AnneSchoenauer commented 10 months ago

Dear Mauro,

Please find here a project that describes the work flow with the Bundesbank. You can see a toy data set with which you can run the two R-scripts for the financial_analysis and for the financial_visualisation. I wanted to show you how much I need to prepare the dataset to be able to do some financial_visualisations. It would also be great to see if the code that I created (with the help of Linda) is correct.

Workflow_with_toy_data.zip

I would like you to do the following:

  1. Please open the R-Script_work_flow_financial_analysis and the R-Script_work_flow_financial_visualisation. It should work on your computer. (Please note I am not allowed to use any GitHub at the Bundesbank, therefore, I created a project with toy-data and send it to my 2DII Email adress, I checked it and it worked fine on my computer).
  2. Could you review the functions that I wrote and let me know if you understand what I am trying to do. If you look into the toy dataset you can see from sheet to sheet how I want to transform the data.

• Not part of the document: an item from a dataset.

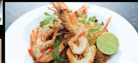
JUMBO PRAWNS IN VERMICELLI NOODLES 28.90

I always checked after running the functions if the data that I created with my R-code produces the same toy data set in XLS that I created beforehand. I double checked and the code should be fine.
  3. The functions should be able to work for any benchmark ((upward) emission profiles) and any scenario/year ((upwards) sector profiles). Would be great if you could create functions for any kind of them. For now they only work for the former PCTR.
  4. For the research paper we would also need plots for time_series and box_plots: I am currently working on it and would update this after I did this.
  5. I also need to prepare the dataset even one step further. To do some analysis we need a dataset with only periode and company. This is indicated in the sheet "05d_company_periode". Who do you think is best to help me with this task? I think it is quite complicated but maybe it is also only using pivot_longer? Happy to hear you thoughts on this.
  6. Could you also please think about the "bigger" infrastructure of this workflow?

Several notes:

  1. Please note that this code is only for central banks. The difference is that for central banks you always will have many banks (bank_groups) included. That means that the whole step 5 - averaging across companies would be missing as this step averages across different banking groups. How should we handle this? Maybe we can leave it like this for now for central banks and work on functions for banks later? Shall I also create a toy dataset how a loanbook would look like for a bank? How do we best proceed?
  2. Please note that there is the column "periode" included. Central banks are not required to have this column but I think most of them will also have dataset over time. I thought it is better to include it as if central banks only have one periode, it would just group according to one period. So should be fine right?
  3. Please also note that unfortunately I wasn't able to run Linda's code for the sankey plots on this dataset. I don't know if I did something wrong or if there is a mistake. So would be great to have a special look at the sankey plots. I saved the outputs that I derived in the Output file in the "financial_visualiation" file so that you can have a look on this. Weirdly on my own computer they look fine... don't understand it to be honest.
  4. I also needed to manipulate Linda's code a bit so that I was able to run it on the data that I have from the central bank. I don't know if it is correctly manipulated. I also saw some mistakes in the Lindas' code, for example she averaged one time across groups, but it should be a sum. I will create tickets for this.
  5. I tried to be transparent as possible of what I want to achieve with the code. Behind this are some methodological decisions. I don't know how much you would need to understand about those methodological decisions but at any time, please let me know if there are questions!
  6. There are still many to dos that I indicated within the scripts. Do you think it make sense that I still work on those or should I wait until you come up with a new infrastructure?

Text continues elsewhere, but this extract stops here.